Task — Leaving out the images, repeat all the lines below exactly.

Information provided —
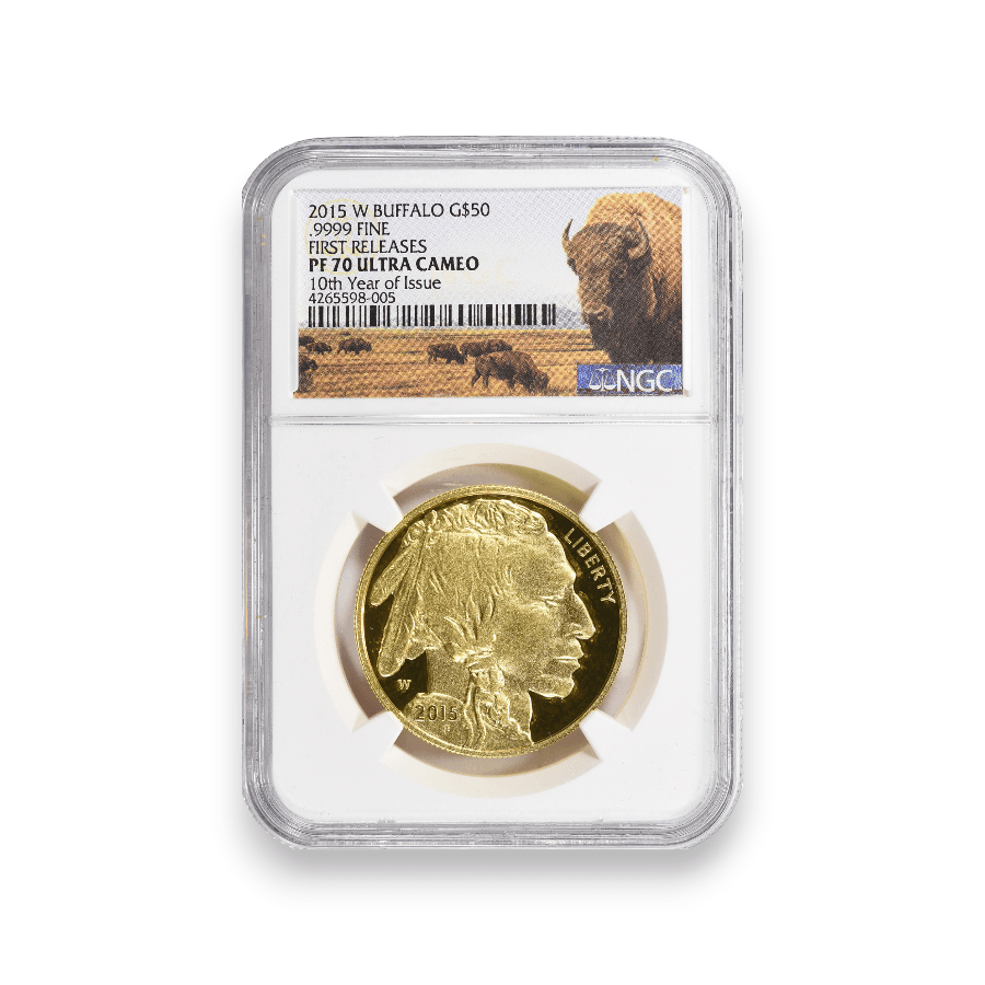 The 2015-W Proof Buffalo 1 oz $50 Gold Coin, minted in .9999 fine gold and certified by NGC, is a notable treasure in the world of numismatics. This coin continues the tradition of the Buffalo Nickel design, created by James Earle Fraser, with a depiction of an American Bison on one side and a Native American profile on the other. Struck at the West Point Mint, as indicated by the 'W' mintmark, it is part of the United States Mint's series of 24-karat gold coins. The coin's proof quality, characterized by sharp detail and a brilliant, mirror-like finish, showcases the Mint's exceptional craftsmanship. NGC certification ensures the coin's authenticity and pristine condition. The exact mintage of the 2015-W Proof Buffalo Gold Coin is 16,591, making it a relatively scarce and sought-after item for collectors and gold enthusiasts. Its limited production, combined with its historical and artistic significance, as well as the high purity of its gold content, enhances its value and appeal in the collector's market.
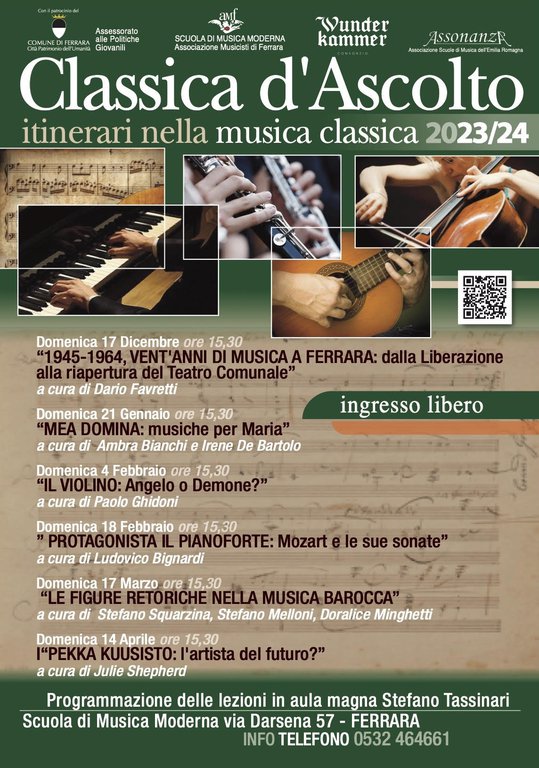 Per il ciclo di appuntamenti ad ingresso libero di Classica d'Ascolto organizzati dalla Scuola di Musica Moderna – Associazione Musicisti di Ferrara APS in collaborazione con il Consorzio Wunderkammer, con il patrocinio e il contributo del Comune di Ferrara.
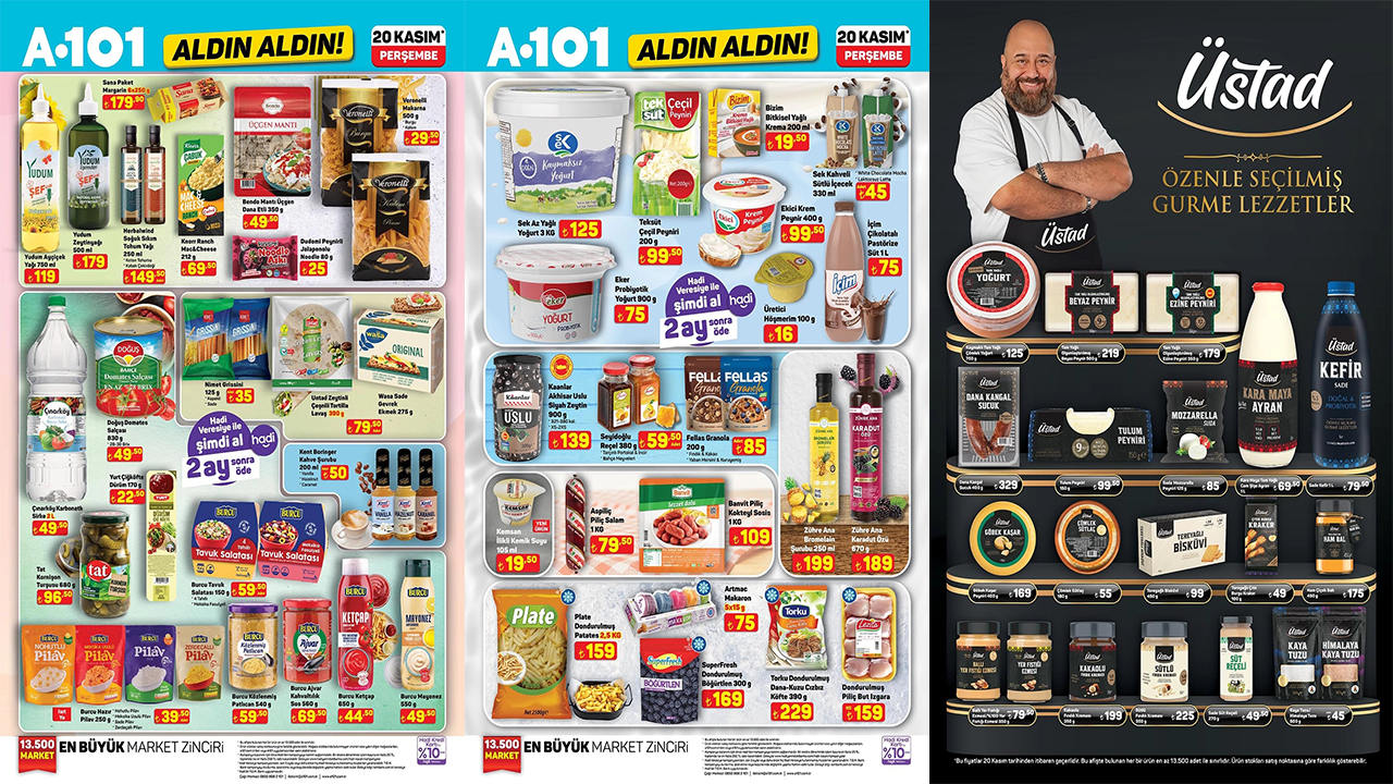 Soğuk sıkım tohum yağı, zeytinyağı, ayçiçek yağı, üçgen mantı dana etli, makarna, karbonatlı sirke, domates salçası, gevrek ekmek, kahve şurubu, tavuk salatası, hazır pilav, közlenmiş patlıcan ve ketçap gibi ürünlerin yer aldığı 20 Kasım tarihinden itibaren geçerli olacak A101 kataloğu yayınlandı.

Output of the exercise —
 The 2015-W Proof Buffalo 1 oz $50 Gold Coin, minted in .9999 fine gold and certified by NGC, is a notable treasure in the world of numismatics. This coin continues the tradition of the Buffalo Nickel design, created by James Earle Fraser, with a depiction of an American Bison on one side and a Native American profile on the other. Struck at the West Point Mint, as indicated by the 'W' mintmark, it is part of the United States Mint's series of 24-karat gold coins. The coin's proof quality, characterized by sharp detail and a brilliant, mirror-like finish, showcases the Mint's exceptional craftsmanship. NGC certification ensures the coin's authenticity and pristine condition. The exact mintage of the 2015-W Proof Buffalo Gold Coin is 16,591, making it a relatively scarce and sought-after item for collectors and gold enthusiasts. Its limited production, combined with its historical and artistic significance, as well as the high purity of its gold content, enhances its value and appeal in the collector's market.
 Per il ciclo di appuntamenti ad ingresso libero di Classica d'Ascolto organizzati dalla Scuola di Musica Moderna – Associazione Musicisti di Ferrara APS in collaborazione con il Consorzio Wunderkammer, con il patrocinio e il contributo del Comune di Ferrara.
 Soğuk sıkım tohum yağı, zeytinyağı, ayçiçek yağı, üçgen mantı dana etli, makarna, karbonatlı sirke, domates salçası, gevrek ekmek, kahve şurubu, tavuk salatası, hazır pilav, közlenmiş patlıcan ve ketçap gibi ürünlerin yer aldığı 20 Kasım tarihinden itibaren geçerli olacak A101 kataloğu yayınlandı.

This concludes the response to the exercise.